Qiao Y, van Kempen T A T G
Department of Animal Science, North Carolina State University, Raleigh 27695, USA.
J Anim Sci. 2004 Sep;82(9):2596-600. doi: 10.2527/2004.8292596x.
The objective of this study was to compare three infrared spectroscopy techniques for routine evaluation of AA in animal meals. Animal meals (n = 54) with known AA contents were scanned with a near (NIRS), mid (FTIR), and Raman infrared spectrometer. For NIRS and Raman, samples were scanned "as is", whereas for FTIR, samples had to be finely ground before scanning to obtain reasonable spectra. Both FTIR and Raman data suffered from noise; for Raman, this prevented the development of calibrations. Using derivatized spectral data and a standardized outlier removal procedure, calibrations for nutritionally relevant AA could be developed that were equivalent for both NIRS and FTIR. The variation across AA tested explained (r2) by these calibrations was 70% for NIRS and 68 + 3% for FTIR. Removing spectral data between 4,000 and 2,000 cm(-1) from the FTIR data improved calibrations (P = 0.09) and explained an average of 77% of the variation with prediction errors lower than obtained with NIRS (P < 0.01). However, FTIR calibrations based on the entire or the shortened spectrum contained fewer samples than did NIRS calibrations (41 and 39 vs. 48, respectively; P < 0.01) because more samples were removed as outliers. In conclusion, Raman did not yield acceptable spectra for animal meals. For FTIR, sample preparation was more time-consuming because the samples required grinding before analysis. Using the entire mid-infrared range, FTIR calibrations were comparable to NIRS calibrations. Calibrations for FTIR were improved by eliminating wave numbers that exhibited more noise, resulting in prediction errors better than those for NIRS. Thus, FTIR has the potential to yield better calibrations for AA in animal meals than NIRS, but it requires greater care in sample preparation and scanning.
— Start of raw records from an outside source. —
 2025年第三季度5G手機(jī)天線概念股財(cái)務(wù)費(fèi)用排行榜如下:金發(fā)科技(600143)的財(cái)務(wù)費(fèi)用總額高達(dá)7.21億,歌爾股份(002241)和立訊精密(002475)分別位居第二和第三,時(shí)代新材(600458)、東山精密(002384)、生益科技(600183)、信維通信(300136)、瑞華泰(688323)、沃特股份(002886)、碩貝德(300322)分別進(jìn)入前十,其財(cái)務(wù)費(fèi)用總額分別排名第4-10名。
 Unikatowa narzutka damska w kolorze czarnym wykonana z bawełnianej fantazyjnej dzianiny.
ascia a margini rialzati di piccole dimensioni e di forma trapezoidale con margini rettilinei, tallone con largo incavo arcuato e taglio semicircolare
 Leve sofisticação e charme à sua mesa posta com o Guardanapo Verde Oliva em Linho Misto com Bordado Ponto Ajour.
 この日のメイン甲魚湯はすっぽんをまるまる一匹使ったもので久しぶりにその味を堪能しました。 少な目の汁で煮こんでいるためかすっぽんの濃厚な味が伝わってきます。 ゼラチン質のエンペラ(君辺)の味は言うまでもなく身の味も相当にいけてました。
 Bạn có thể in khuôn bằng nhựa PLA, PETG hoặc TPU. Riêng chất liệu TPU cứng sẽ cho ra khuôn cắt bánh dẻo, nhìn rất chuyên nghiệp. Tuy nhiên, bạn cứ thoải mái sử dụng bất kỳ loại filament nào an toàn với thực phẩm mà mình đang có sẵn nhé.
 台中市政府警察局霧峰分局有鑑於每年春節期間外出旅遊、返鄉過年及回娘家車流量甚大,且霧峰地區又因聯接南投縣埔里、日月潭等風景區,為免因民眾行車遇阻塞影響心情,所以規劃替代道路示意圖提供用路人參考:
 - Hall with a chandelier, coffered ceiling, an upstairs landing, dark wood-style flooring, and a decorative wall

本研究的目的是比较三种红外光谱技术用于动物饲料中氨基酸(AA)的常规评估。使用近红外光谱仪(NIRS)、中红外光谱仪(FTIR)和拉曼红外光谱仪对已知AA含量的动物饲料(n = 54)进行扫描。对于NIRS和拉曼光谱,样品按原样扫描,而对于FTIR,样品在扫描前必须精细研磨以获得合理的光谱。FTIR和拉曼数据都存在噪声;对于拉曼光谱,这阻碍了校准模型的建立。使用衍生光谱数据和标准化的异常值去除程序,可以建立与NIRS和FTIR等效的营养相关AA校准模型。这些校准模型对所测试AA的变异解释率(r2),NIRS为70%,FTIR为68±3%。从FTIR数据中去除4000至2000 cm(-1)之间的光谱数据可改善校准模型(P = 0.09),平均解释77%的变异,预测误差低于NIRS(P < 0.01)。然而,基于全光谱或缩短光谱的FTIR校准模型所包含的样品数量少于NIRS校准模型(分别为41和39个,而NIRS为48个;P < 0.01),因为更多样品作为异常值被剔除。总之,拉曼光谱无法为动物饲料提供可接受的光谱。对于FTIR,样品制备更耗时,因为样品在分析前需要研磨。使用整个中红外范围,FTIR校准模型与NIRS校准模型相当。通过消除噪声较大的波数,FTIR校准模型得到改善,预测误差优于NIRS。因此,FTIR有可能为动物饲料中的AA提供比NIRS更好的校准模型,但在样品制备和扫描方面需要更谨慎。